Si Angsa yang sudah tua itu telah menjadi loyo dan lemah, ia tidak dapat lagi
menangkap Ikan-Ikan di danau itu. Sejenak Angsa itu berpikir, "sepertinya aku harus
menggunakan siasat" dalam pikiran Angsa tua itu. Kemudian Angsa tua itu pasang aksi di
tepi Telaga. Ia berdiri dengan wajah murung dan sedih. Walaupun Ikan-Ikan yang
berenang di dekatnya sengaja tidak ia hiraukan, padahal seperti biasanya ia selalu
mematuk atau memAngsa Ikan-Ikan di dalam danau itu dengan sigap.

Tiba-tiba seekor Katak menghampirinya dan bertanya "Pak Angsa, mengapa


engkau kelihatan sedih sekali? Mengapa engkau tidak mencoba menangkapku?" "tidak",
kata Angsa dengan sedih. "Aku sudah tua, aku sudah cukup puas karena sudah banyak
sekali Ikan, Katak dan Kepiting yang ku makan dari Telaga ini." "Lho? Terus kenapa
kelihatannya engkau bersedih seperti itu?" sahut si Katak "Semuanya akan berakhir..."
kata Angsa tua. "Ada apa kiranya Angsa?" si Katak penasaran.

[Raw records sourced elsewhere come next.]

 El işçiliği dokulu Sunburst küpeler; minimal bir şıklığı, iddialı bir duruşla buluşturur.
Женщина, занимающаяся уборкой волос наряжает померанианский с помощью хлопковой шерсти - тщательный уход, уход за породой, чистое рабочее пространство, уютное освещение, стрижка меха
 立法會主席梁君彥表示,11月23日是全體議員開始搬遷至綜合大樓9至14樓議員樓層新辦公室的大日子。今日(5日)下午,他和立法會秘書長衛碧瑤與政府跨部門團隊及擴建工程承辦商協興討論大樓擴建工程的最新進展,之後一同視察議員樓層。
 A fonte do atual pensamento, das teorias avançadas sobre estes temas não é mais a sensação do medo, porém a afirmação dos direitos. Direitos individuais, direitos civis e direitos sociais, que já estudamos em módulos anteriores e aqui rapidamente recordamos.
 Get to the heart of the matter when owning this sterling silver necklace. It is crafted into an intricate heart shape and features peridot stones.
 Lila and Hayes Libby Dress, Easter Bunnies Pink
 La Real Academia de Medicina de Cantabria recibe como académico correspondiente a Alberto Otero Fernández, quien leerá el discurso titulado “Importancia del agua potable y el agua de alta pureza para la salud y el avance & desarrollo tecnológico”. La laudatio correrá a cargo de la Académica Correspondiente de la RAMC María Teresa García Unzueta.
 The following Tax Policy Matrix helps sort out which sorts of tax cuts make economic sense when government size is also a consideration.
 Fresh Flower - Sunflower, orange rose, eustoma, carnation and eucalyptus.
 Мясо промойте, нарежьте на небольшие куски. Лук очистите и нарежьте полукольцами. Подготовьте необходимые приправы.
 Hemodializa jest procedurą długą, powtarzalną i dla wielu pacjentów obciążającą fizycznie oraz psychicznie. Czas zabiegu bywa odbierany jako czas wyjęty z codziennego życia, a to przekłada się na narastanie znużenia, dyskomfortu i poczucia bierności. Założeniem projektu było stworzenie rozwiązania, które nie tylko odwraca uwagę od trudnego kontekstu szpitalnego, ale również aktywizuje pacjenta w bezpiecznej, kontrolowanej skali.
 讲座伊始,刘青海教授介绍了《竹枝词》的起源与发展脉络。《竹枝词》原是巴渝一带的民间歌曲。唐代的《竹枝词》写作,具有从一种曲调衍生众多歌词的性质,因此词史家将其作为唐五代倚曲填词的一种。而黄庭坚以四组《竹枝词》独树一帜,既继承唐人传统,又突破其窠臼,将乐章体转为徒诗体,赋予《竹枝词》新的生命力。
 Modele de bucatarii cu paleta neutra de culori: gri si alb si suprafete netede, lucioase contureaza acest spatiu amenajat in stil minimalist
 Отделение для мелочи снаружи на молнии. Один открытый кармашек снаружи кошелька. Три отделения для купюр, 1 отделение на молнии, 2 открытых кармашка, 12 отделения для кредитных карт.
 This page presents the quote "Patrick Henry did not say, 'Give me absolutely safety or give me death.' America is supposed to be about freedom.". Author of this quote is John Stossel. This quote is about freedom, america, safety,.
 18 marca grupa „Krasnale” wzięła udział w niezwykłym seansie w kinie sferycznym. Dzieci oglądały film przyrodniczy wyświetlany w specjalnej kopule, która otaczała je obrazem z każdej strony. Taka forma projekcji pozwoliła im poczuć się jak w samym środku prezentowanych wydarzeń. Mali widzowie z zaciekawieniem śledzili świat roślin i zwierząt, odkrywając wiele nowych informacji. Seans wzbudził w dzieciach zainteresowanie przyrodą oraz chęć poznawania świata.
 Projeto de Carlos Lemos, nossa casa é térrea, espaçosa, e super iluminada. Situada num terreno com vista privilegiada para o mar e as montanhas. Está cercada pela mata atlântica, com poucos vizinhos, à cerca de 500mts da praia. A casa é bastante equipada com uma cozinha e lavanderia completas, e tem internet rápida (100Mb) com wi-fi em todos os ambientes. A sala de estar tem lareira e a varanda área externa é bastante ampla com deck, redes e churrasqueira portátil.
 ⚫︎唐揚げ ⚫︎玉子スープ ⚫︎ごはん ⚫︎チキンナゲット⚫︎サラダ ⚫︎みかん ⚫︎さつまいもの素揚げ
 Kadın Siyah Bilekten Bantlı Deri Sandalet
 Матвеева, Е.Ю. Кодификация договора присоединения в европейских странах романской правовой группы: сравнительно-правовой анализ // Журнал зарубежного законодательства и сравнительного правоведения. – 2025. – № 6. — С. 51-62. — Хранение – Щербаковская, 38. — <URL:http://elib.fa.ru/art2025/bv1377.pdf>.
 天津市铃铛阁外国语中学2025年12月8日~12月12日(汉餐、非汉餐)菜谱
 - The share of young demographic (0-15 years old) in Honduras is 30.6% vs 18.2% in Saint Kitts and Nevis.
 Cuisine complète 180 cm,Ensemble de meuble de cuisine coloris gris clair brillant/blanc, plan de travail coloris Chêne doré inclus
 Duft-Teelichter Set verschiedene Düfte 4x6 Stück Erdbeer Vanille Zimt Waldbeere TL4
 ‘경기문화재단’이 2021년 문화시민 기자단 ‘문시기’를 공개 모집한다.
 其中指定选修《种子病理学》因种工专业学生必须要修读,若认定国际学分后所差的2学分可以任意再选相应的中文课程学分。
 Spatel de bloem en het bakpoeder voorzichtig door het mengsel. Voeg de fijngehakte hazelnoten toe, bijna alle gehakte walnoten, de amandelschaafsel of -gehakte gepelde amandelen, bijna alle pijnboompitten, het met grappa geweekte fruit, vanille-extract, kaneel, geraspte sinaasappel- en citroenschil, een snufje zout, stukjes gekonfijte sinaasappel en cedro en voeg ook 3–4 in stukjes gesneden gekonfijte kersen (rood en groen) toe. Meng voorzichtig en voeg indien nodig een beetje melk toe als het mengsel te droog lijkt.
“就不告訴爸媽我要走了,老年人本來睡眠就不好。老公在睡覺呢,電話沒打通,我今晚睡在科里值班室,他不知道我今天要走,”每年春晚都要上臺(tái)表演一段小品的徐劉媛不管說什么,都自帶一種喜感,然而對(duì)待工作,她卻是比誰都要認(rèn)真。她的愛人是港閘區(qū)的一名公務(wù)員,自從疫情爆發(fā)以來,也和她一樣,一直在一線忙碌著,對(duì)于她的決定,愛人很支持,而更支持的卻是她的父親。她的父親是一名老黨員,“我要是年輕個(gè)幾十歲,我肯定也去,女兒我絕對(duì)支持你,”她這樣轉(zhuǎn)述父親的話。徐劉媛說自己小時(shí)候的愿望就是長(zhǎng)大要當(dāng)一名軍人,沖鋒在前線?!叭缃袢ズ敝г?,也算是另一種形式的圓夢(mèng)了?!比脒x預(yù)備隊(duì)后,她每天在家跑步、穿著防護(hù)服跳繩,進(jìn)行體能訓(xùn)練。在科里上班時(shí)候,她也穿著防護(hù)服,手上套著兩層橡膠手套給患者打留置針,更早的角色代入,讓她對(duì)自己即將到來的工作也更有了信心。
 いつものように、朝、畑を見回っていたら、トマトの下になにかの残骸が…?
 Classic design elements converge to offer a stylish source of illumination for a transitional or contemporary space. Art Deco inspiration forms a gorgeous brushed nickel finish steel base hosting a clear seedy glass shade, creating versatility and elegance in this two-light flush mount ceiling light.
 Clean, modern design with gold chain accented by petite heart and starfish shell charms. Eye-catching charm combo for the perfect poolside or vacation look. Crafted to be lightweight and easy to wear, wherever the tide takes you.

Kembali si Angsa berkata dengan sedih, "kemarin aku telah mendengar rencana
penduduk setempat, rupanya mereka akan mengosongkan Telaga ini dan akan menimbun
dengan tanah untuk menanam buah dan sayuran". "Wah, itu gawat sekali..!" sahut si
Katak "Iya, semua Ikan-Ikan, Katak, Kepiting dan hewan lainnya akan mati tertimbun
oleh tanah, lalu aku juga mungkin akan mati karena tidak dapat mencari makan lagi". ujar
si Angsa sedih dengan diiringi tetes air mata.
Si Katak yang lincah berenang itu segera memberitahukan hal itu kepada penghuni
Telaga lainnya. Semua Ikan, Katak, Kepiting dan hewan kecil lainnya ketakutan
mendengar berita buruk itu. "Apa yang harus kita lakukan?" tanya mereka kepada
sesamanya "mari kita menemui pak Angsa, ia lebih tua dan berpengalaman. Mungkin ia
bisa membantu untuk menyelamatkan kita".

Sambil menangis tersedu-sedu semua penghuni Telaga menghadap Angsa tua,


mereka memohon, "selamatkanlah kami, kami tidak mau mati. Hanya engkau Angsa tua
yang dapat memikirkan rencana untuk menyelamatkan kami". Si burung Angsa tua
berpura-pura berfikir dengan keras dan berkata “aku akan mencoba kemampuan terbaik
untuk menyelamatkan nyawa kalian semua, aku tahu Telaga lain cuma agak sedikit jauh
dari sini. Bila kalian percaya kepadaku, aku akan membawamu dan semuanya ke sana".
begitu ucap Angsa tua kepada para penghuni danau.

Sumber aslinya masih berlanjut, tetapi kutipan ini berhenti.